Today marks the beginning of autumn—my very favorite season. On the farm, the early morning chill sharpens my senses. The flowers blaze in fiery shades of red, orange and yellow, enchanting a dozen butterflies. The freshly pulled carrots release a sweet, earthy smell that reminds me of my childhood. The swollen blackberries fall heavy into the palm of my hand. Peppers explode from plants that have produced nothing but leaves these past five months. The farm seems peculiarly alive.
As I drag 100lbs of lettuce and cabbage toward the barn, I feel the perennial mix of relief, exhaustion and sadness at the approaching end of the season. It seems so wasteful to pull up productive plants to sow the cover crop. There is still so much potential: the purple eggplant blossoms proclaim an unwillingness to call it a day. But autumn is here—the cooling or drying-up season, etymologically speaking. “There is a time to plant and a time to uproot,” says the writer of Ecclesiastes. “A time to be born and a time to die.”
…and there it is—that inextricable connection between life and death. The death of the seed that gives birth to the plant; the death of the fruit that gives life to the eater; the death of the plant that allows life to return to the soil… Autumn marks the death of summer, but the start of the path towards Christmas, and a birth that brings life to all.
Our community has been touched by death once again this week. But we celebrate life: Joe’s life, and the life he brought to others; and the life he still lives, that flourishes beyond death. We celebrate resurrection and hope, the passage of time, the changing of the seasons, the victory of life over death.

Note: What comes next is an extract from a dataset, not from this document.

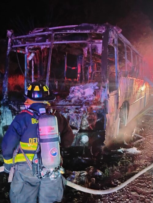 Playa del Carmen, Q. Roo.- Un autobús fue consumido por el fuego la noche de este martes en la colonia Bellavista, sin que se reportaran personas lesionadas. Las autoridades ya investigan si el siniestro fue provocado, ya que la unidad llevaba varios días estacionada y no se encontraba en funcionamiento.

Not everything we plant makes it to harvest. This year, squash beetles have destroyed whole rows on the farm. It’s difficult to see hard work, seeds, and water go to waste, and it’s sad to admit that we won’t be able to pass whole crops along to the families we partner with. And it’s hard not to be angry with our pests. Many people are; all the articles on squash beetles seem to be about eradicating them. Despite the abundance around us, we can feel a little defeated.
I love working with children on the farm, because they don’t see the problems. At the recent Craft Brews and Sodas evening, squash beetle and slug collecting became games. While adults hacked at weeds to clear away ground, kids had productive play with farm tools. Where adults hauled away trimmings for compost, kids raced wheelbarrows. Perhaps by design, playfulness is contagious. There was more laughter by the end of the clearing and re-sowing than when we began, despite the difficulties.
Children can help us all to engage with service as a process. Beetles (and groundhogs and dry spells and weeds) defeat us only if we see farming primarily as a means to an end. We’ll never grow everything nor feed everyone that we’d wish. Not everything will go according to plan. But we grow so much! And people really are helped! And I think the farm is more than the food we produce. It’s a statement made in sweat and water and soil: we’re partnering with the earth and one another to help our brothers and sisters. What a blessing it is to be able to farm!